▸ **EXERCISE REQUIREMENTS**: Among the entries below, find the line with "Ruedas neumáticas y antivuelco", then quote it and each following line up to and including the line with "La chiesa di S. Michele", and nothing else.

▸ **INFORMATION SUPPLIED**:
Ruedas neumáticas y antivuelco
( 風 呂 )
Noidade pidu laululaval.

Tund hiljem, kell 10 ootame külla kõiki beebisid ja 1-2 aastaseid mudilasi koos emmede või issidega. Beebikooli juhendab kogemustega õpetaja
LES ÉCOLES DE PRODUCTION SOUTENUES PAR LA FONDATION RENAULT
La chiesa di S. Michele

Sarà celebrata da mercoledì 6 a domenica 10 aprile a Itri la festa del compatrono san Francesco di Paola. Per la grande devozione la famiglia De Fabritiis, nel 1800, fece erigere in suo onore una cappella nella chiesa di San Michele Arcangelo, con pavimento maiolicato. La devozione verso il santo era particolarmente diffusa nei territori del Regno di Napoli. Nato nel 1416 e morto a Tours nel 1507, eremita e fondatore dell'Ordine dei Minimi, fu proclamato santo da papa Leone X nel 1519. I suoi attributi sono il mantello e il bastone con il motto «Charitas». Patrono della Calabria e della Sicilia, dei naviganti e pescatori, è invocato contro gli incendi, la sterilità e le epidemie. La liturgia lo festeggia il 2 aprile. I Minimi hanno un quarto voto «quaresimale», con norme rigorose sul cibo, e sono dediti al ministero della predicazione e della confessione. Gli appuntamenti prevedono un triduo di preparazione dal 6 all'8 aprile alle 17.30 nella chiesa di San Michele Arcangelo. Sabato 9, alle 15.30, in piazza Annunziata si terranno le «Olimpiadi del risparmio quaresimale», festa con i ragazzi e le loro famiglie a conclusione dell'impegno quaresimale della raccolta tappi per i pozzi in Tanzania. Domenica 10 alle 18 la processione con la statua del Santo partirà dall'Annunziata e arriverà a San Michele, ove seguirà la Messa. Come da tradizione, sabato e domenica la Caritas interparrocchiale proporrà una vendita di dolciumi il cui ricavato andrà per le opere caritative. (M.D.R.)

--

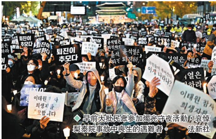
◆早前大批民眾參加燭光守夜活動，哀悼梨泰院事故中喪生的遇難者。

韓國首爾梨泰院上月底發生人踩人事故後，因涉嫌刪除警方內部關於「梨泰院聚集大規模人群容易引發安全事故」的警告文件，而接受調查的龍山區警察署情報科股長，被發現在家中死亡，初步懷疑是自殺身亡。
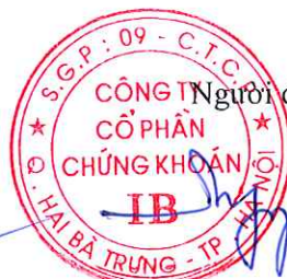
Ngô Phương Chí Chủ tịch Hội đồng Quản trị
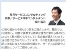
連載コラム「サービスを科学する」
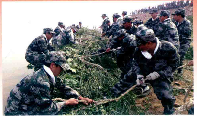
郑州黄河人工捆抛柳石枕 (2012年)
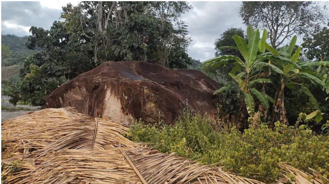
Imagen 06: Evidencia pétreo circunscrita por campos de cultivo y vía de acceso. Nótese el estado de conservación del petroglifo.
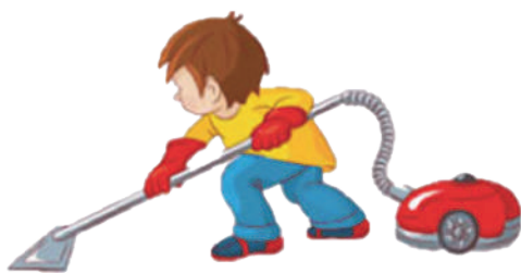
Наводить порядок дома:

▸ **RESPONSE**:
Ruedas neumáticas y antivuelco
( 風 呂 )
Noidade pidu laululaval.

Tund hiljem, kell 10 ootame külla kõiki beebisid ja 1-2 aastaseid mudilasi koos emmede või issidega. Beebikooli juhendab kogemustega õpetaja
LES ÉCOLES DE PRODUCTION SOUTENUES PAR LA FONDATION RENAULT
La chiesa di S. Michele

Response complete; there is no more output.